For this drug administration protocol, the plasma concentration of propofol was increased in increments of 1 mg / L per 15 min until loss of consciousness, defined as reaction loss to verbal stimuli. Then, the remifentanil plasma concentration was increased every 10 min in 0.5 pg / l increments until the response to pain stimuli was lost. After 10 minutes of equilibration, the propofol plasma concentration was decreased every 15 minutes in 1 mg / l increments until responses to pain stimuli returned. After a further 15 min to equilibrate the remifentanil plasma concentration was increased in further steps of 1 pg / l every 10 min until responses to the pain stimuli were again absent. Then the administration of propofol was stopped first and after the reactions to the pain stimuli reappeared, the administration of remifentanil was stopped. In order to accelerate the achievement of equilibrium concentrations between the plasma and the brain and spinal cord effector organs, higher concentrations of the two medicaments than the respectively targeted plasma concentrations were attained for a short time during increases in concentration. The measurements of the reflex threshold then took place after reaching an equilibrium between the plasma compartment and the effect compartment.

3 : Population Prediction Probabilities for Drug Administration Protocol 1
Shown are all the individual data points for the BIS ^® and RIII reflex threshold after the loss of consciousness for the first medication delivery protocol. For each sequence of the reaction tests (verbal instructions, trapezius squeezing, 30 s tetanic stimulus at 80 mA), the last RIII reflex threshold and the last BIS value obtained immediately before the start of the test sequence and therefore not affected by the test sequence were included , From the data shown, the following prediction probabilities can be calculated (value ± standard error): RIII reflex threshold: 0.86 ± 0.02 and BIS 0.84 ± 0.02.

4 : Population prediction probabilities for drug administration protocol 2
Shown are the individual data points for the BIS ^® and RIII reflex threshold after the loss of consciousness for the second medication protocol. For each sequence of the reaction tests, the last RIII reflex threshold and the last BIS value obtained just before the start of the test sequence and therefore not affected by the test sequence were included. From the data shown, the following prediction probabilities can be calculated (value ± standard error): RIII reflex threshold: 0.77 ± 0.04 and BIS 0.64 ± 0.05.
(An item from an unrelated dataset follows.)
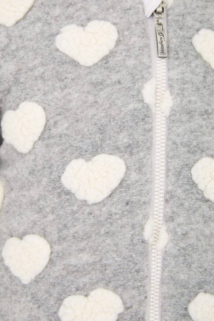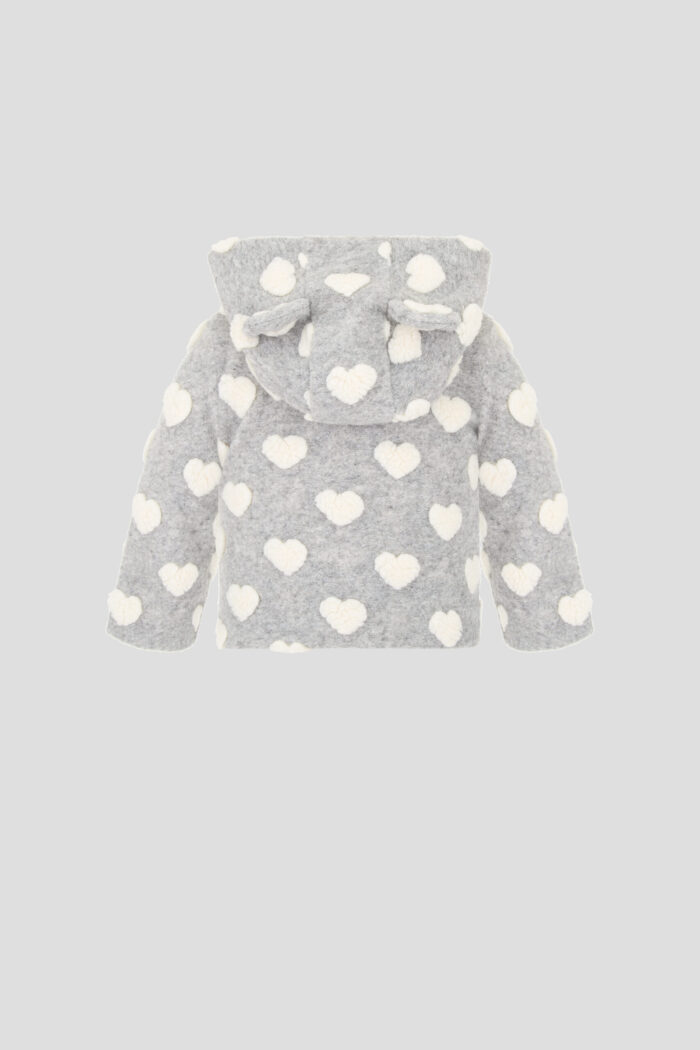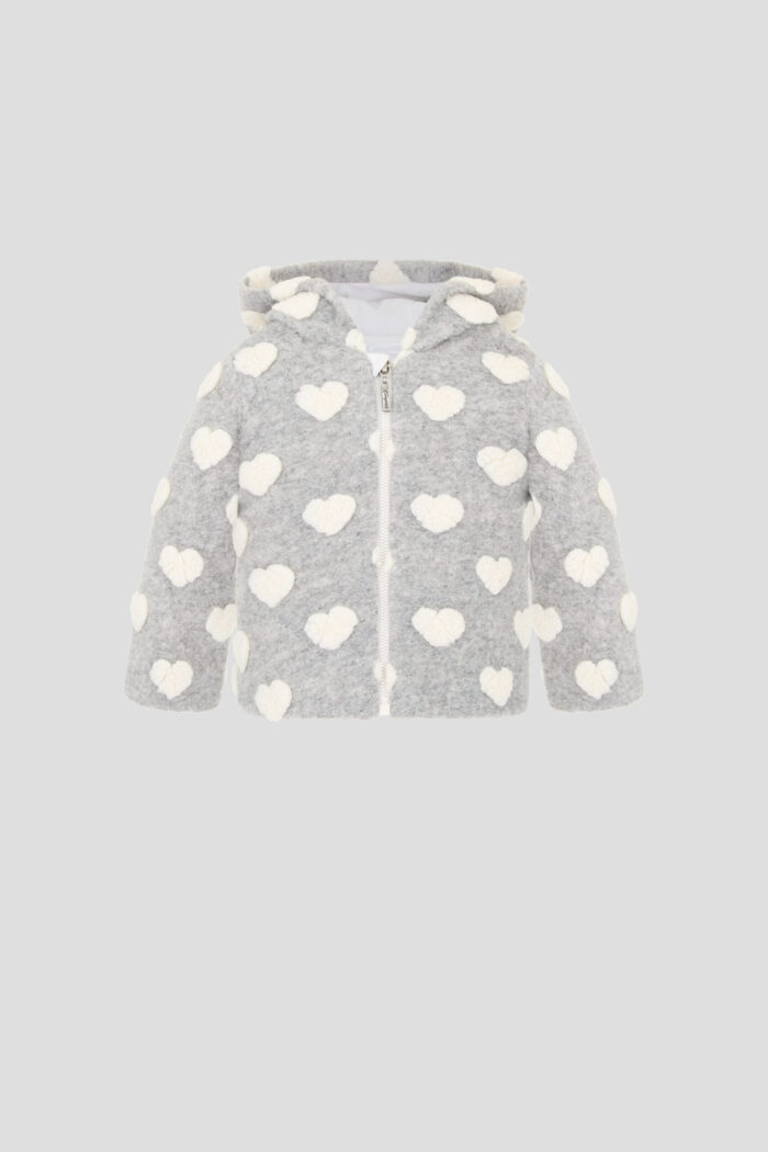 Fashionable bomber jacket made of knitted fabric in gray shade is decorated with a large heart pattern. Comfortable straight silhouette does not restrict movement. The deep hood serves as an additional protection for the child’s head. Cute ears on the hood make the image of the baby adorable. The lining made of natural cotton does not cause allergies to sensitive baby skin. The material is highly breathable, allows the body to breathe and prevents overheating. The jacket fastens with a zipper.

5 : Dose-response relationship
The curves show the increase in the pain reflex threshold of individual individuals with increasing remifentanil concentration and the same propofol concentration in Protocol 1. The propofol concentration was individually titrated so that it was reduced by loss of consciousness by 1 ug / ml and then kept constant (2 ug / ml to 4 ug / ml plasma concentration). The normalization of the reflex threshold occurred at the threshold of the loss of consciousness. The concentrations of hypnotic and analgesic correspond to the dosages customary in intensive care medicine.

6 : Scheme of a device 1 for determining the analgesic level of a sedated individual 8th including the interactions of its components.

• – eine Stimulationseinheit 2 zur Generierung eines Stimulationssignals 7, das einen schmerzspezifischen Reflex bei einem Individuum 8 auslösen soll,
• – eine Ableitungseinheit 3 zur Ableitung eines schmerzspezifischen Reflexantwortsignals auf das Stimulationssignal 7, und
• – eine Steuereinheit 4 zur Anpassung der Intensität des Stimulationssignals 7.

The device comprises in the embodiment shown as components:

• - a stimulation unit 2 for generating a stimulation signal 7 that a pain-specific reflex in an individual 8th should trigger
• - a derivation unit 3 for deriving a pain-specific reflex response signal to the stimulation signal 7 , and
• - a control unit 4 to adjust the intensity of the stimulation signal 7 ,

The control unit 4 , z. B. in the form of a computer, initially a setpoint size 5 entered to be generated reflex response signal and stored. This setpoint value of the reflex response signal can, for. B. the reflex threshold of the individual correspond.

The control unit 4 gives a control signal 6 to the stimulation unit 2 then at least one stimulation signal 7 to trigger a pain-specific reflex. This stimulation signal 7 is preferably an electrical signal, but may also be a thermal or tactile / mechanical signal. This stimulation signal 7 becomes a sedated individual 8th so transferred to the pain nerve fibers of the individual 8th stimulated with the purpose that the stimulation of the nerve fibers to trigger a pain-specific reflex. The choice of stimulation site determines the appropriate derivation muscle (Kennmuskel.) So z. B. on stimulation in the region of the lateral malleolus via a thigh muscle.

Shortly after delivery of the stimulation signal 7 through the stimulation unit 2 is from the derivation unit 3 above the Kennmuskel a reflex response signal, z. In the form of an electromyogram (EMG) signal (reflex response) 9 expected and measured.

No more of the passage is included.